= WHAT YOU WILL DO =
From the line with "On the stitching" to the line with "全新的 Windows Live", output every line below exactly, both ends included. Skip the pictures.

= DATA IN THIS EXERCISE =
────────────────────
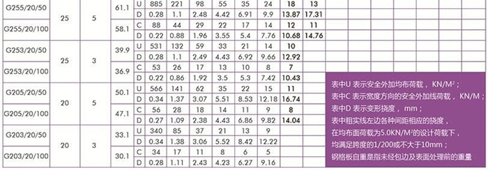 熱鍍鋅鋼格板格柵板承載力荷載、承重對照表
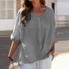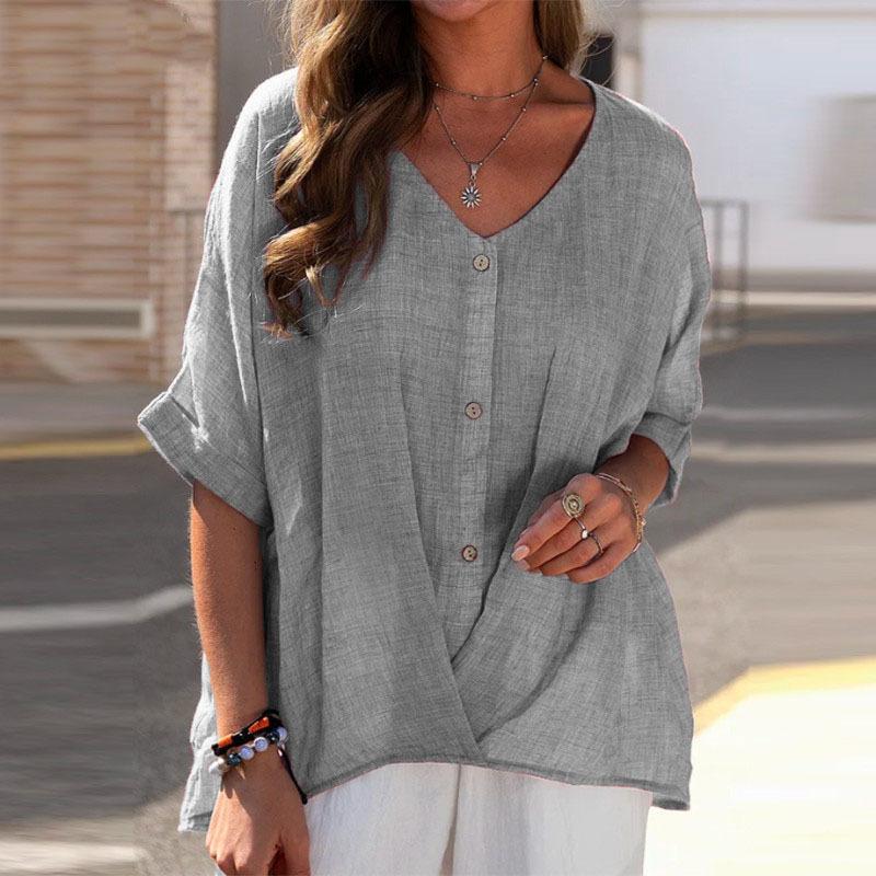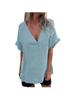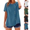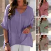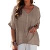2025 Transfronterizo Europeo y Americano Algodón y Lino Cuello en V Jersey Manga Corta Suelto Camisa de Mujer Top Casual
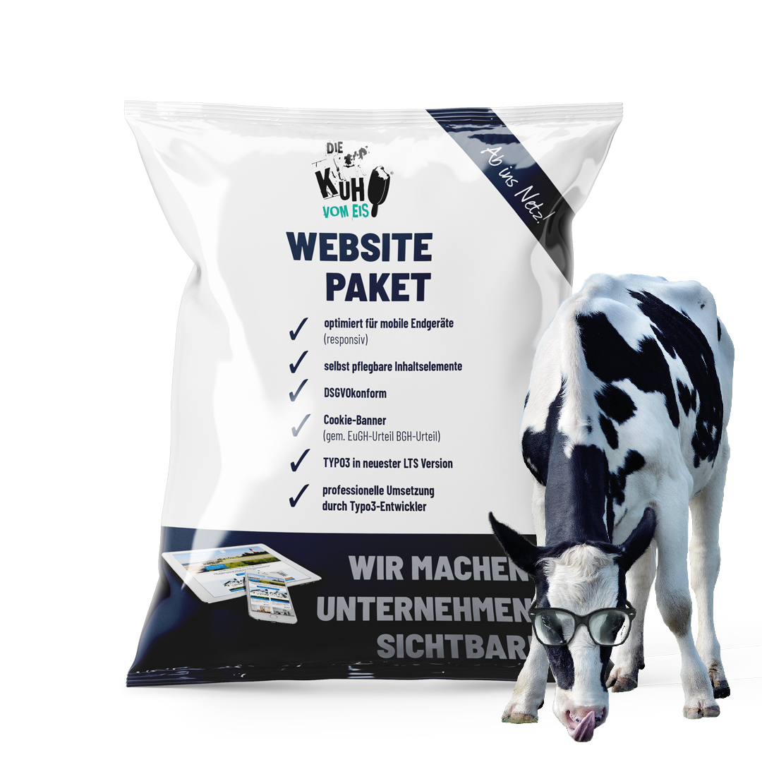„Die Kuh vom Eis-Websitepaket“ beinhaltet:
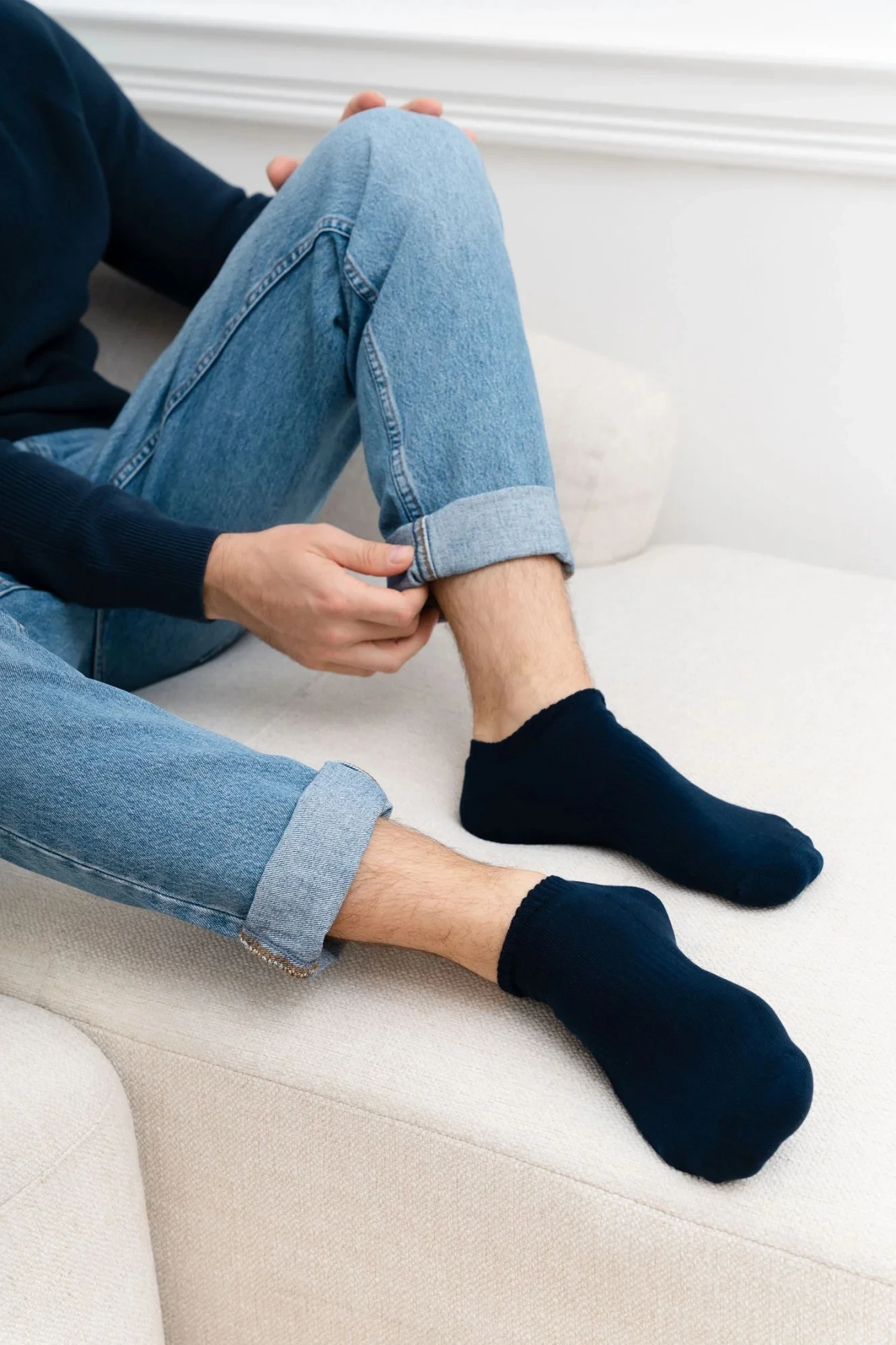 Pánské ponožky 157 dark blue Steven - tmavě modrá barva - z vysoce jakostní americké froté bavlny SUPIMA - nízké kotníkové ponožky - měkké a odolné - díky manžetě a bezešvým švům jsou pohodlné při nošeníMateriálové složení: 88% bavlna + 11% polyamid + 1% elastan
────────────────────
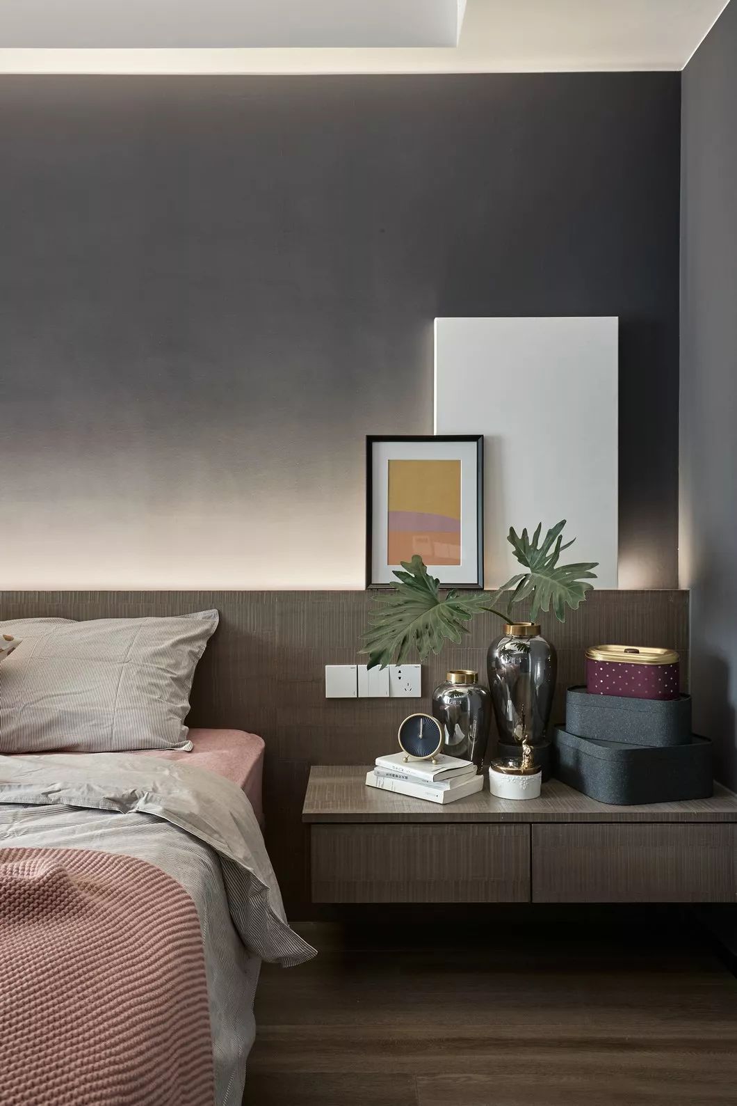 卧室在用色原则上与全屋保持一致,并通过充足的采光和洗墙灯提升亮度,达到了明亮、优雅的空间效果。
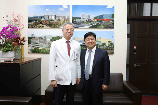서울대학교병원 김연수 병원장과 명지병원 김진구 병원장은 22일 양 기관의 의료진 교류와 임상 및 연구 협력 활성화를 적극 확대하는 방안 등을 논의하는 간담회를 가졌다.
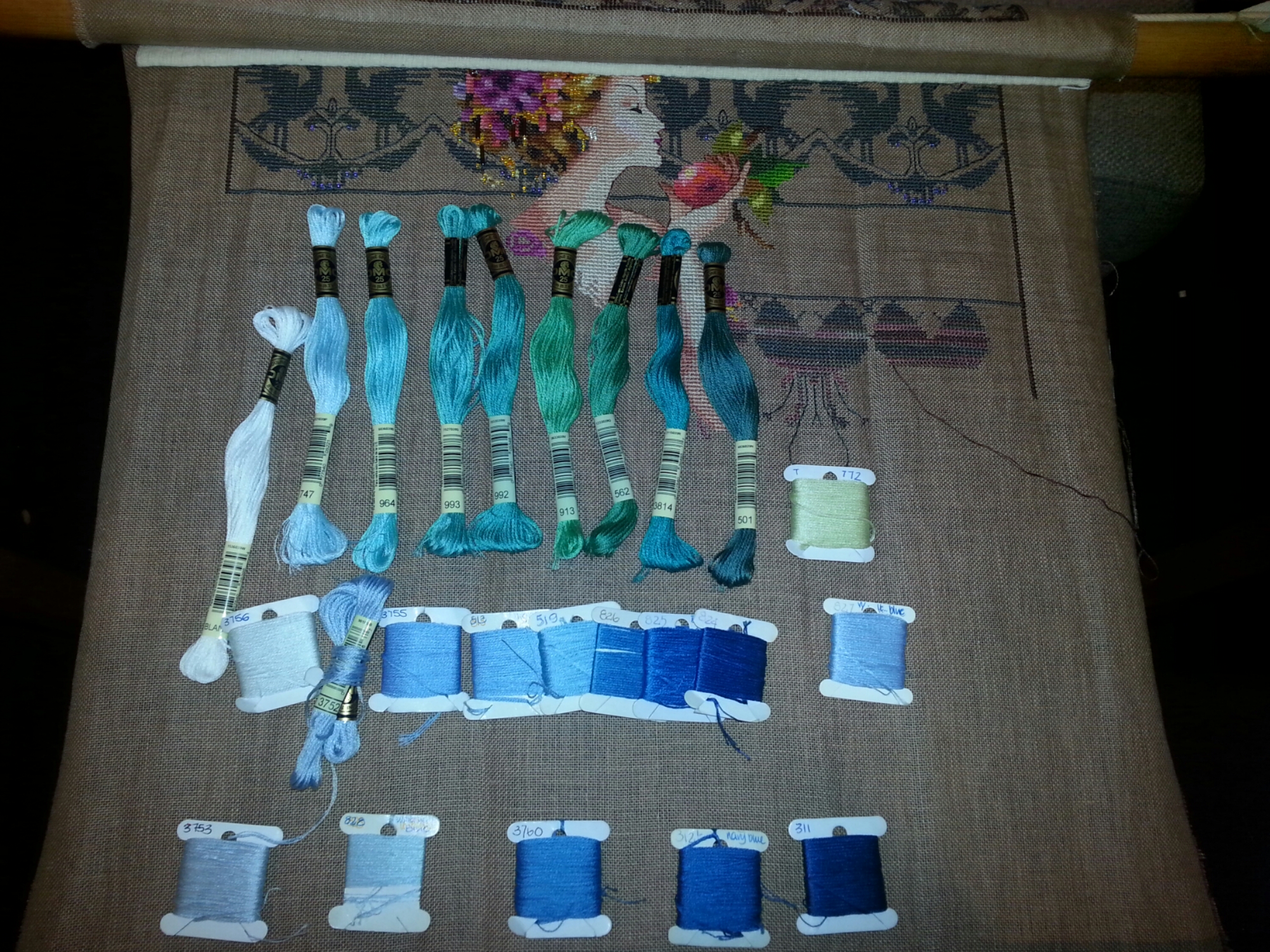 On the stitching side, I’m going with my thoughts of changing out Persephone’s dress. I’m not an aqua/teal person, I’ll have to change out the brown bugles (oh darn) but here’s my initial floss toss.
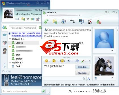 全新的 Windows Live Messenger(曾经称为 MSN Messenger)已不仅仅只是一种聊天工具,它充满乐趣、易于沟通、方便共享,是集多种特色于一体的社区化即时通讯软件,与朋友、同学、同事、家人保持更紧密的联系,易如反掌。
────────────────────
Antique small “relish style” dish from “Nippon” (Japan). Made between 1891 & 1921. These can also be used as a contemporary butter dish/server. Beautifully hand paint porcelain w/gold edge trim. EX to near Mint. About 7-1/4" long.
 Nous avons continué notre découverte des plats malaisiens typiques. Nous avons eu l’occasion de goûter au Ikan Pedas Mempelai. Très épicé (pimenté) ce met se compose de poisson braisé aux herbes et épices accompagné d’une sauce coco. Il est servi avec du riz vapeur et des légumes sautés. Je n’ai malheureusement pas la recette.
────────────────────
= WRITTEN REPLY =
 On the stitching side, I’m going with my thoughts of changing out Persephone’s dress. I’m not an aqua/teal person, I’ll have to change out the brown bugles (oh darn) but here’s my initial floss toss.
 全新的 Windows Live Messenger(曾经称为 MSN Messenger)已不仅仅只是一种聊天工具,它充满乐趣、易于沟通、方便共享,是集多种特色于一体的社区化即时通讯软件,与朋友、同学、同事、家人保持更紧密的联系,易如反掌。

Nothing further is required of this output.